* TASK STATEMENT: In this exercise, the entries below include pictures. Repeat exactly the lines from the line with "2006-2022 まっこうくじら |" to the line with "Nollywood actress, Tonto", including both, but without the pictures.

* LISTED ENTRIES:
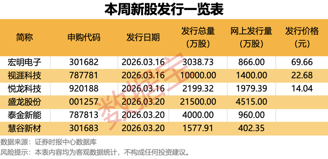 根据发行安排,本周暂有6只新股申购,日程安排上,今日(3月16日)可申购宏明电子、视涯科技、悦龙科技,本周五可申购盛龙股份、慧谷新材、泰金新能。
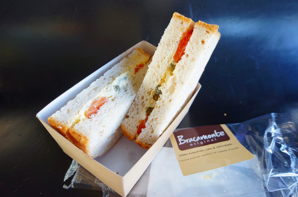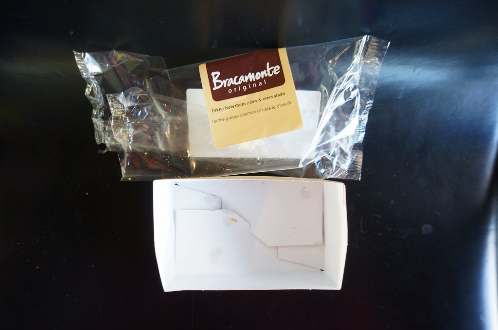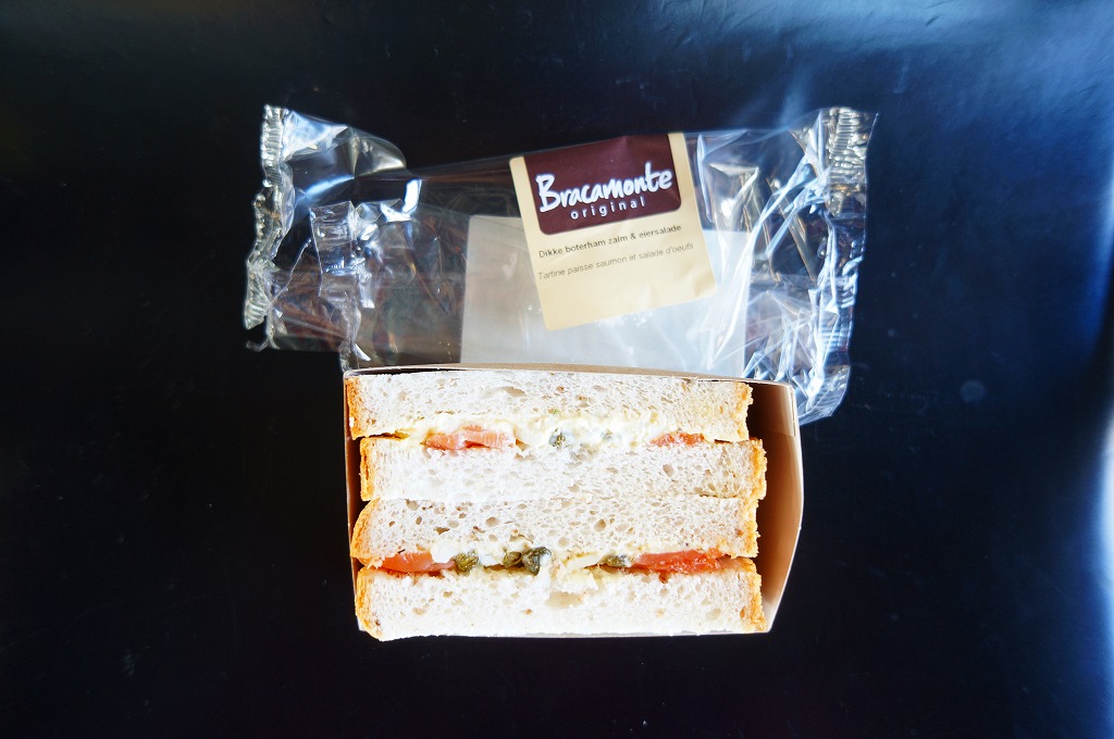 オランダのスキポール空港で売られていた箱サンド。スタンドカフェというかミニミニ版スターバックスのような店舗で、同じ価格と包装で10種類近くの商品が冷蔵棚に収められていた。商品名シールのオランダ語とフランス語によると、これは厚切りサーモンとタマゴサラダのサンドイッチ。さらに山椒の実も加えて、ヨーロッパにしてはあまり固くない、日本に比べると硬めでパサパサに思えるスライスパンに挟んでいた。 スキポール空港はオランダ国内で最大の空港であり、KLMオランダ航空の拠点であり、日本でたとえれば羽田と成田の間になる年間で5000万人もの航空旅客を集める欧州でも有数の国際空港。3つのロビーと8つのゲートは連結されており、ターミナルがひとつで済む代わりに運が悪いと乗り継ぎで片道20分くらい延々と歩かされる。青い空と青い陶器と青いKLMオランダ航空の機体が印象的だった。 【スキポール空港】http://www.schiphol.nl/ 【Bracamonte Daily Foods B.V.】http://www.bracamontesandwiches.nl/ Copyright (C) 2006-2022 まっこうくじら |
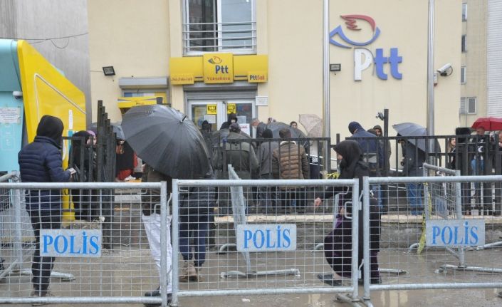 Hakkari’nin Yüksekova ilçesinde korona virüs kapsamında vatandaşlara verilen yardım nedeniyle PTT önünde güvenlik önlemleri arttırıldı.
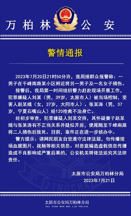 ·太原一男子懷疑妻子與他人有不正當(dāng)關(guān)系,將二人捅傷致死,已被警方當(dāng)場控制。
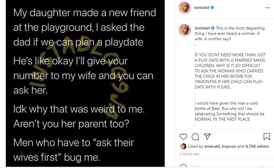 Nollywood actress, Tonto Dikeh has reacted to the viral tweet of a lady who complained about men who always ask for their wives’ permission.
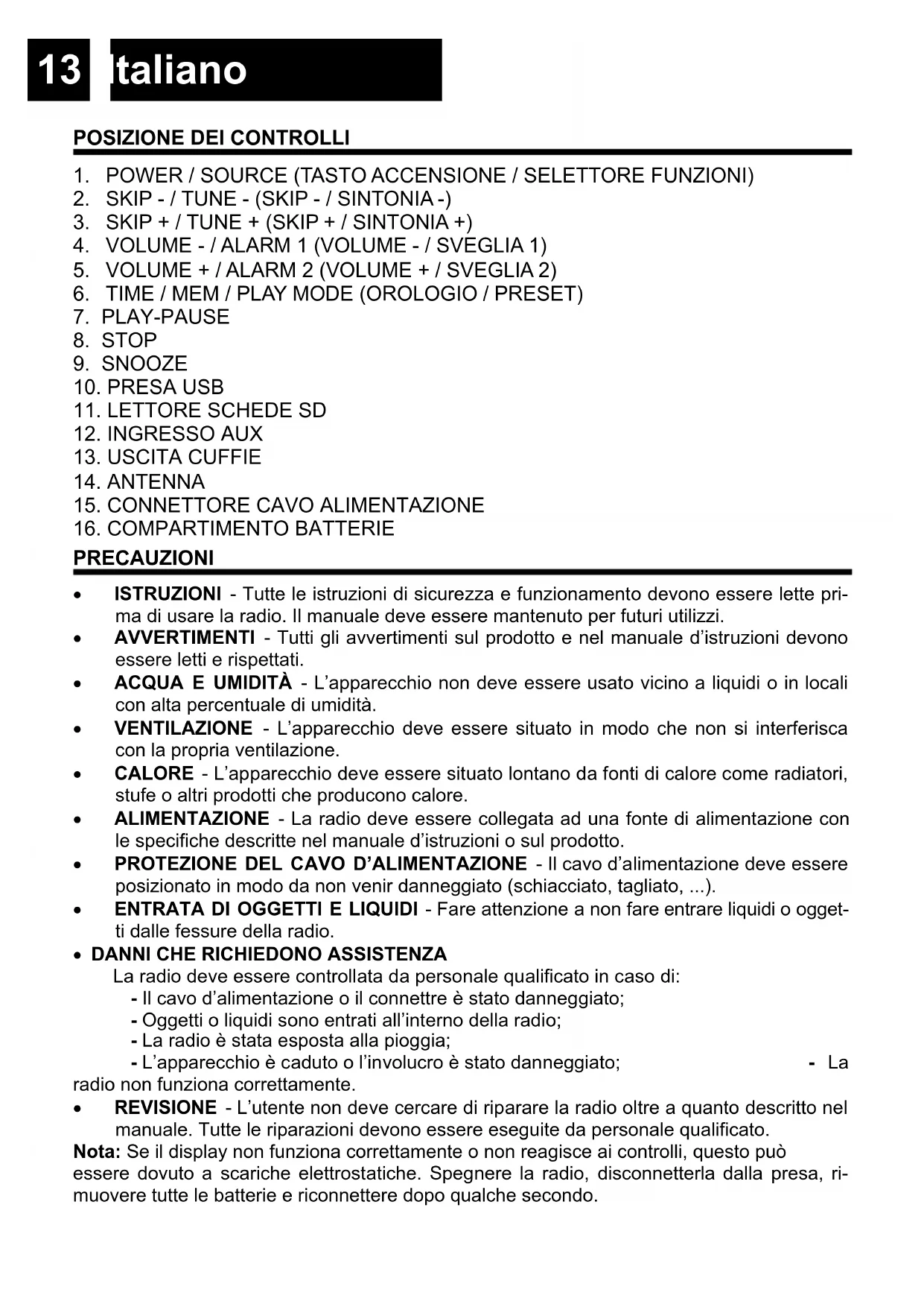 La radio deve essere controllata da personale qualificato in caso di: - Il cavo d’alimentazione o il connettre è stato danneggiato; - Oggetti o liquidi sono entrati all’interno della radio; - La radio è stata esposta alla pioggia; - L’apparecchio è caduto o l’involucro è stato danneggiato; - La radio non funziona correttamente. REVISIONE - L’utente non deve cercare di riparare la radio oltre a quanto descritto nel manuale. Tutte le riparazioni devono essere eseguite da personale qualificato. Nota: Se il display non funziona correttamente o non reagisce ai controlli, questo può essere dovuto a scariche elettrostatiche. Spegnere la radio, disconnetterla dalla presa, ri- muovere tutte le batterie e riconnettere dopo qualche secondo.14 Italiano
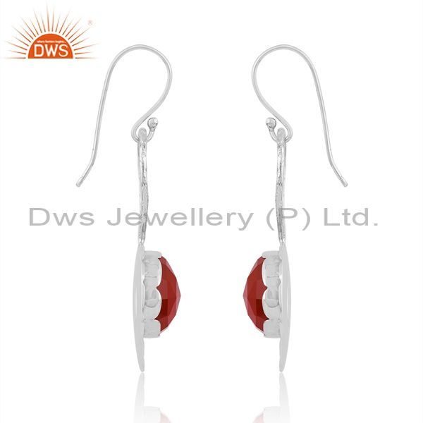 Sterling Silver Oxidized Earring With Red Onyx On Top
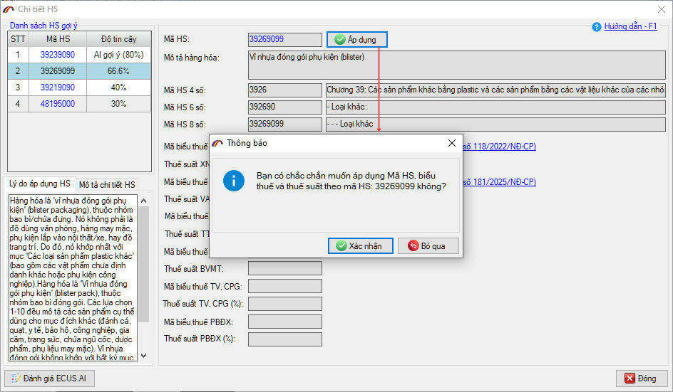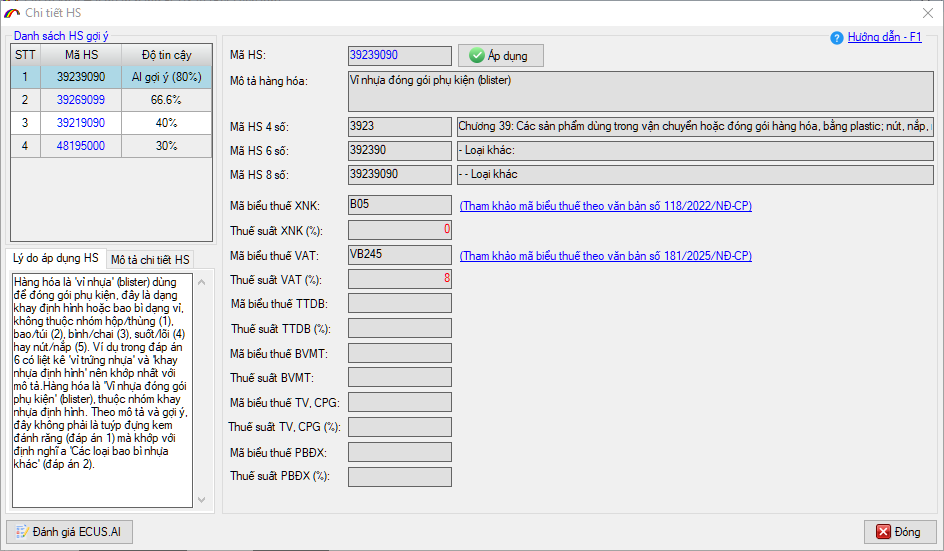 Phía bên trái màn hình là danh sách các HS gợi ý kèm theo độ tin cậy, khi nhấn vào HS gợi ý, phía bên phải màn hình sẽ hiện ra các thông tin chi tiết liên quan như: Tên mô tả hàng hóa theo Chương, theo HS 4 số, 6 số và 8 số, cùng với mã biểu thuế XNK, thuế GTGT, các loại thuế nhập khẩu bổ sung khác kèm văn bản pháp luật để người dùng xem thông tin. Nếu thấy HS gợi ý nào phù hợp, đúng với thông tin hàng hóa hơn so với HS do AI tự xác định, người khai chọn và nhấn nút Áp dụng để thay thế.
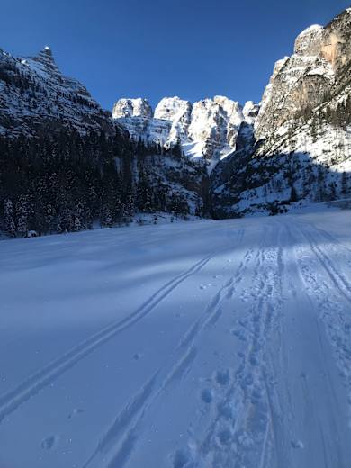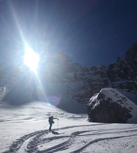 Von Misurina zur Cristallo Scharte (2.808 m): Eine durch ihre landschaftliche Schönheit, die Steilheit und durchgehende Abfahrt beeindruckende Skitour, die sich in den letzten Jahren zu einer der beliebtesten, anspruchsvolleren Klassikern in den Ampezzaner Dolomiten entwickelt hat.
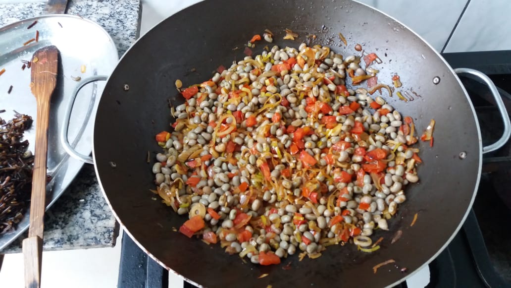 – Adicione o feijão cozido e misture bem, refogando por um minuto.
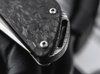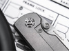 A központi szerkezeti különbség az M4 damaszkuszi modellhez képest a kontúrokba elegánsan integrált flipper, amely lehetővé teszi, hogy a penge egy kis impulzussal simán szétcsússzon, és játékra invitál. A golyóscsapágyas pengét felváltva egy hüvelykujjas csapszeg nyitja, és egy masszív, kőmosott felületű titán keretzárral zárja. A túlhajtásgátló a zár túlhúzás elleni védelmeként működik. A maratott titán klipsz (tip-up/r) acélgolyóval, valamint a vad karbonszálból készült markolati pikkelyek teszik teljessé a harmonikus összképet.
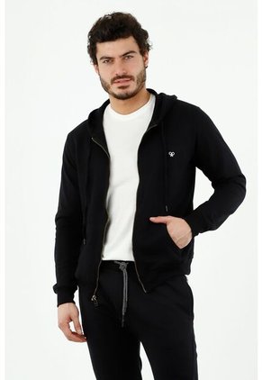 Buzo De Hombre, Silueta Amplia, Con Capucha, Manga Larga, Color Negro
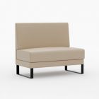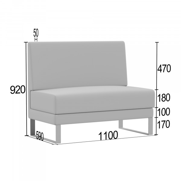 КаркасКаркас выполнен из калиброванного бруса 30х40 мм из массива хвойных пород древесины с влажностью 8-12%. Для усиления конструкции используются фанера толщиной 10 мм и 15 мм, ДСП 16 мм, влагостойкий ДВП 3,2 мм и прессованный картон 1,75 мм. Соединения осуществляются с помощью каркасных пневмопистолетов и каркасной скобы 50 мм с клеем, что обеспечивает высокую прочность и надежность.ЧехолЧехол изготавливается по точным лекалам из высокопрочных материалов. Пошив выполняется на колонковых одно- и двухигольных швейных машинках с тройным продвижением, что гарантирует ровность швов. Компенсирующая лапка со встроенным направителем середины шва обеспечивает стабильную натяжку ниток и равномерное расстояние между строчками.СиденьеСиденье оснащено наполнителем из пенополиуретана толщиной 10 мм, 20 мм, 30 мм и 80 мм (подушка). Используется пенополиуретан ST2536 плотностью 25 кг/м? и жесткостью 3,6 кПа. Обивка дна выполнена из технической ткани спанбонд плотностью 100 г/м?.СпинкаСпинка имеет наполнитель из пенополиуретана толщиной 10 мм и 30 мм, также плотностью 25 кг/м? и жесткостью 3,6 кПа.ОпорыОпоры черного цвета выполнены из металлической полосы. Высота опор составляет 170 мм. Регулировка высоты отсутствует. Тип крепления — накладная площадка, монтаж не требуется.УпаковкаУпаковка включает спанбонд 17, пленекс, двухслойный картон и полиэтиленовую пленку. Используется одноразовый фирменный скотч для предотвращения несанкционированной переупаковки.Допустимая нагрузкаМаксимальная нагрузка на одно посадочное место составляет до 120 кг.

* SOLUTION FOR THIS TASK:
 オランダのスキポール空港で売られていた箱サンド。スタンドカフェというかミニミニ版スターバックスのような店舗で、同じ価格と包装で10種類近くの商品が冷蔵棚に収められていた。商品名シールのオランダ語とフランス語によると、これは厚切りサーモンとタマゴサラダのサンドイッチ。さらに山椒の実も加えて、ヨーロッパにしてはあまり固くない、日本に比べると硬めでパサパサに思えるスライスパンに挟んでいた。 スキポール空港はオランダ国内で最大の空港であり、KLMオランダ航空の拠点であり、日本でたとえれば羽田と成田の間になる年間で5000万人もの航空旅客を集める欧州でも有数の国際空港。3つのロビーと8つのゲートは連結されており、ターミナルがひとつで済む代わりに運が悪いと乗り継ぎで片道20分くらい延々と歩かされる。青い空と青い陶器と青いKLMオランダ航空の機体が印象的だった。 【スキポール空港】http://www.schiphol.nl/ 【Bracamonte Daily Foods B.V.】http://www.bracamontesandwiches.nl/ Copyright (C) 2006-2022 まっこうくじら |
 Hakkari’nin Yüksekova ilçesinde korona virüs kapsamında vatandaşlara verilen yardım nedeniyle PTT önünde güvenlik önlemleri arttırıldı.
 ·太原一男子懷疑妻子與他人有不正當(dāng)關(guān)系,將二人捅傷致死,已被警方當(dāng)場控制。
 Nollywood actress, Tonto Dikeh has reacted to the viral tweet of a lady who complained about men who always ask for their wives’ permission.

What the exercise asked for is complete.